* **Problem**
Write the data out again exactly, dropping any images it holds.

* **Data excerpt**
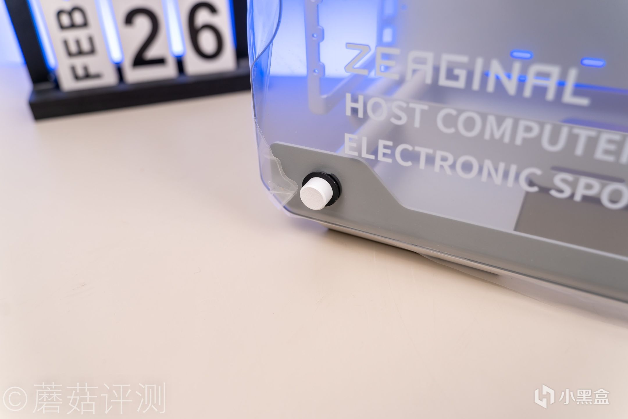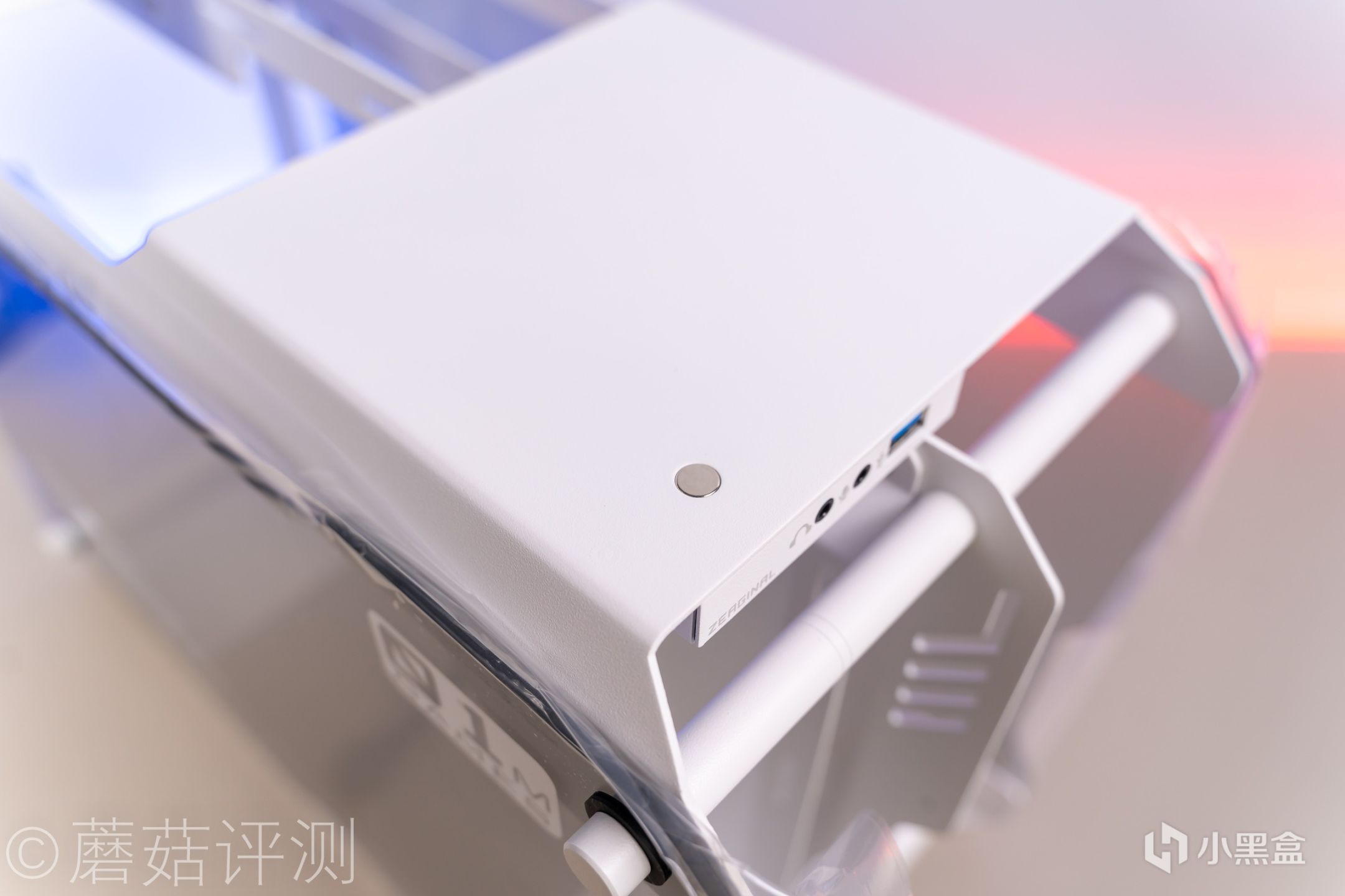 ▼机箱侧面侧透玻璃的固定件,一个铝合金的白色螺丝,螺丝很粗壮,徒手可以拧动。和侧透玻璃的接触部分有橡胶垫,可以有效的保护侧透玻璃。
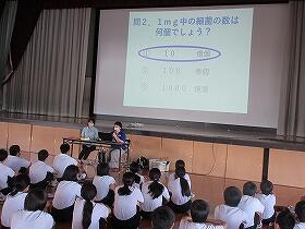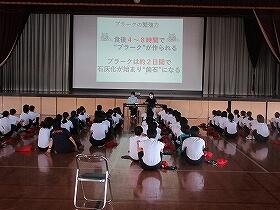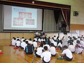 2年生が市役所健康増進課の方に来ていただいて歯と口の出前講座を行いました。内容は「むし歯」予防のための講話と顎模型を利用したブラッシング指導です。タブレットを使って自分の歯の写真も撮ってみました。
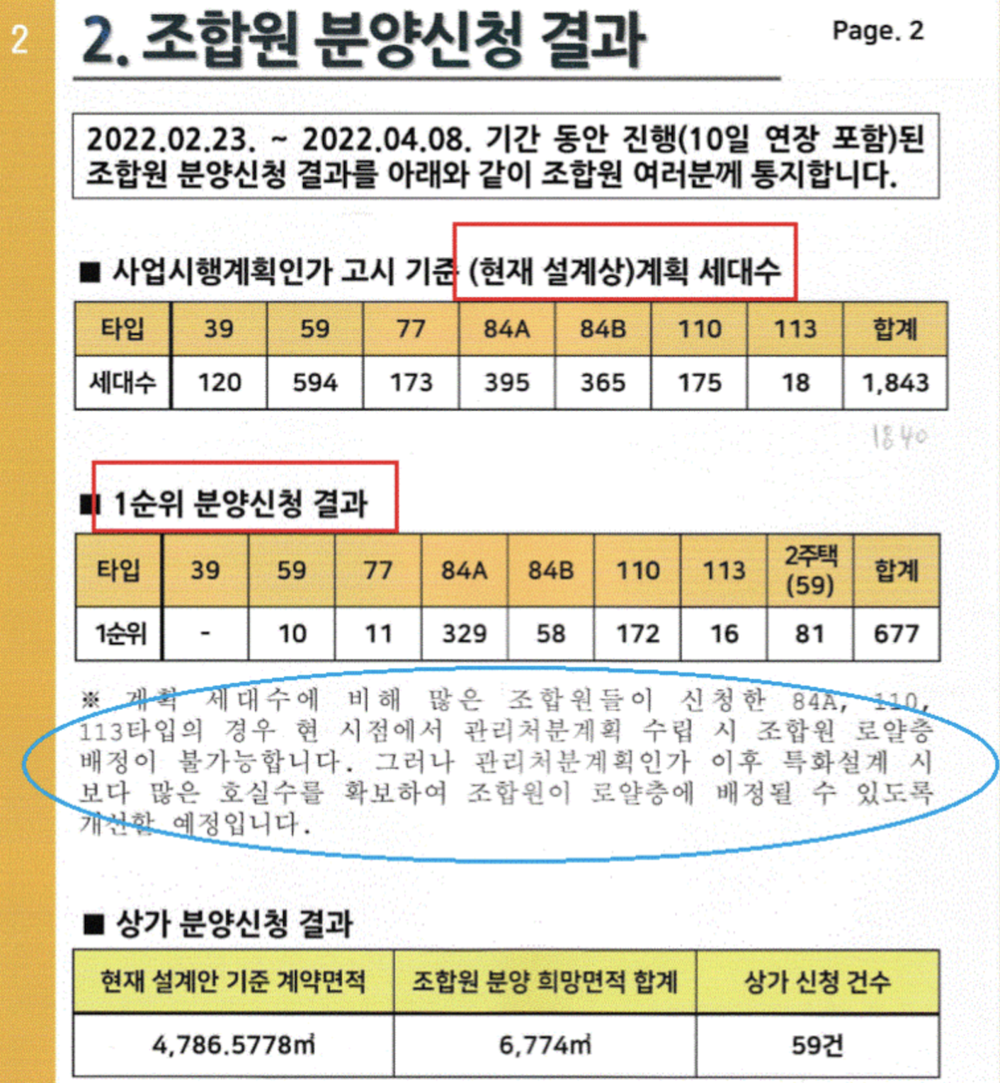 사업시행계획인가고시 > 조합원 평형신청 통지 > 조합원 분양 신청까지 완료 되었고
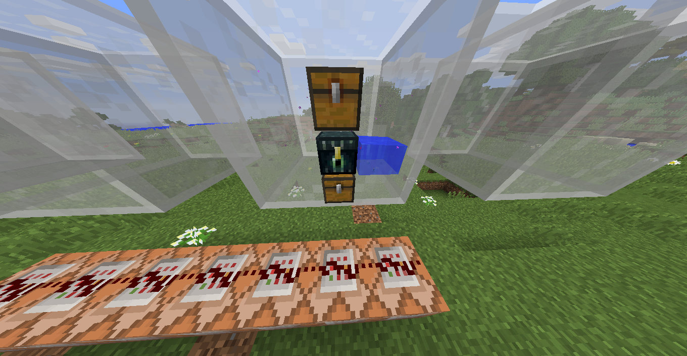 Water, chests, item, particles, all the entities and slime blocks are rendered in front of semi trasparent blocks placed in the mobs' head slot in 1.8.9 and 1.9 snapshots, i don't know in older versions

* **Answer to this exercise**
 ▼机箱侧面侧透玻璃的固定件,一个铝合金的白色螺丝,螺丝很粗壮,徒手可以拧动。和侧透玻璃的接触部分有橡胶垫,可以有效的保护侧透玻璃。
 2年生が市役所健康増進課の方に来ていただいて歯と口の出前講座を行いました。内容は「むし歯」予防のための講話と顎模型を利用したブラッシング指導です。タブレットを使って自分の歯の写真も撮ってみました。
 사업시행계획인가고시 > 조합원 평형신청 통지 > 조합원 분양 신청까지 완료 되었고
 Water, chests, item, particles, all the entities and slime blocks are rendered in front of semi trasparent blocks placed in the mobs' head slot in 1.8.9 and 1.9 snapshots, i don't know in older versions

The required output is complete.